Katherine Head

What can 45 minutes a week actually do for a child? You'd be surprised. I was.

As a lunch buddy I asked myself that question repeatedly as I began my volunteer work last year. Other questions followed—questions like, "Is this making a difference?" "Does she like me?" "Am I getting through?" "Does she know why I am doing this and why a stranger would care?" "Am I asking her the right questions?" As the academic year drew to a close, however, all the answers were clear. Just 45 minutes of mentoring during a child's lunch hour can be instrumental to the young person, and so very rewarding to an adult.

My lunch buddy was a tenacious tomboy. Quiet at first, she grew to trust me with some of her secrets, her quick and gruff hugs and her reflections on life as a 12-year-old. I listened intently, provided an occasional word of wisdom, befriended her BFFs (best friends forever), praised her accomplishments in school and relived the awkwardness of my own adolescence. We'd play wall ball or basketball at recess. Sometimes we'd just sit and chat.

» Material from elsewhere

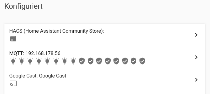 Hinweis: ich habe sämtliche manuelle MQTT-Einträge in der .homeassistant/configuration.yaml entfernt

We'd then grab our meals and sit down at one of the long tables in the cafeteria. "Are you her mom?" I got asked that quite a few times. After the initial shock (I would have been just 18 at her birth if I were her parent), I replied, "Nope, I'm her Lunch Buddy." By the end of the spring, it seemed like I had inherited a brood of buddies. I liked leading my gaggle of girls. I felt a little like a mother duck. They'd tell me about crushes and other girls who were mean to them, after-school plans and long-term dreams. They were my clique, and I was fiercely protective.

When the last week of school rolled around, I was sad that my standing Thursday lunch date would be predisposed with summer vacation. I walked her to her after-lunch class, arm in arm. I know what challenges this world has in store for her, and I had developed a sense of longing to be there for her when they manifested.

Hopefully, a little part of me will. I hope she will remember that you don't have to be like all the other kids to be successful. I hope that she recalls a chubby redhead who wore high heel boots and played basketball anyway, had tattoos, went to college, and was the editor of a newspaper when she feels defeated by society's expectations. I hope she knows that I think about her goofy escapades, her thoughtful silences and her unwillingness to conform to traditional standards of beauty when I feel wary about the plight of the world's female population. Her innocence reminded me that children should be allowed to remain thus for as long as possible, and adults should hearken back to youthful silliness whenever possible.

I encourage anyone with the will to better the life of a child to sign up for the Lunch Buddy program. You don’t need to be any particular type of person—just someone who cares about kids and wants to contribute through consistent, reliable care. It is such a small time commitment, but the difference it can make is huge.